Crystal and Functional Engineering for Unique Microporous Materials

Department of Synthetic Chemistry and Biological Chemistry, Kyoto University
○Susumu Kitagawa

The recent advent of porous coordination polymers (PCPs) or metal-organic frameworks (MOFs), as new functional microporous adsorbents, has attracted the attention of chemists due to scientific interest in the creation of unprecedented regular nano-sized spaces and in the finding of novel phenomena, as well as commercial interest in their application for storage, for separation and in heterogeneous catalysis.1-4 One of the advantages of PCPs, as compared with other microporous materials such as activated carbons, is designability, which provides a variety of surface properties based on organic ligands with functional groups, affording the potential to make the pore surfaces hydrophobic, hydrophilic, chiral and so on. This prominent feature leads us to expect that PCPs will show a high adsorption capability for specific molecules. However, few useful concepts and strategies for specific adsorption of smaller molecules have been established to date. Here, we have found superb sorption of C2H2 molecules on the functionalized surface of an PCP and show an enhanced “confinement effect”, which can be achieved by precisely and regularly arranged functionalities in the nano-sized pore wall, applicable to a highly stable, selective adsorption system.5 We have succeeded in obtaining interesting array structures of benzene6 and O2 7 molecules and observed their unusual properties in the nanochannel. Recently, we have utilized the regular and tunable nanochannels of PCPs for fields of polymerization, which allows controlled living radical polymerization aswell as stereoregulated polymerization of substituted acetylenes,8 opening up a new dimensions in the field of porous materials

Reviews 1) S. Kitagawa et.al., Bull.
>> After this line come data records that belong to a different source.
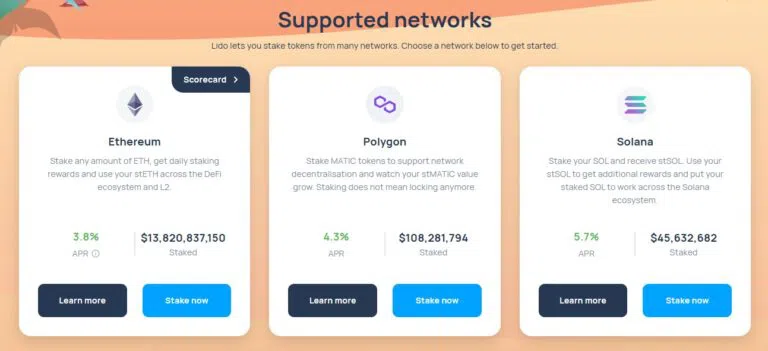 Lancé en 2020, Lido est incontestablement le leader du marché du liquid staking. Au début, la plateforme ne proposait que du staking Ethereum. Mais au fil du temps, elle a étendu ses services à d’autres blockchains, comme Polygon, Solana et Kusama.
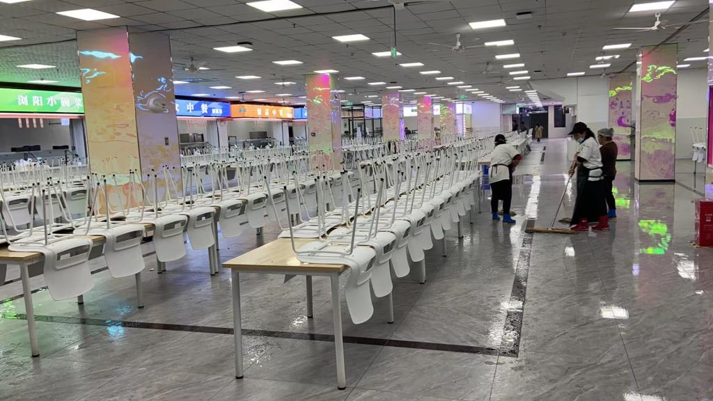 抓环境卫生治理,消杀不留死角。一是做好食堂前厅后厨日常消杀,各食堂驻场食品安全管理员对消杀情况进行严格监督;二是做好离场卫生整治,随着大多数学生离校,食堂经营档口陆续关闭。基建后勤处明确要求所有档口对各自操作间、售卖间环境卫生彻底清理消杀完毕方可歇业离开。
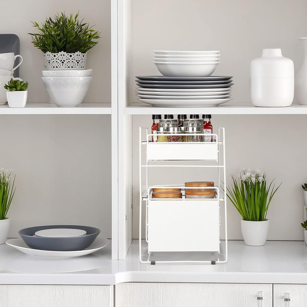 Relaxdays Schubladenregal, mit 2 Körben, Unterschrank Organizer, Küche und Bad, Korbauszug, HBT: 39,

Chem. Soc. Jpn, (Accounts), 1998, 71, 1739. 2) S. Kitagawa, et.al., Angew. Chem. Int. Ed,, 2004, 43, 2334. 3) S. Kitagawa et.al., Chem. Soc. Rev. 2005, 34, 109. 4) S. Kitagawa et.al., Chem. Commun. Feature Article,2006,701.
Original Papers 5) R. Matsuda, et.al., Nature, 2005, 436, 238. 6) R. Matsuda, et.al., J. Am. Chem. Soc. 2004, 43, 14063. 7) R. Kitaura, et.al., Science, 2002, 298, 2358. 8)) T. Uemura, et.al., Chem. Commun. 2005, 5968.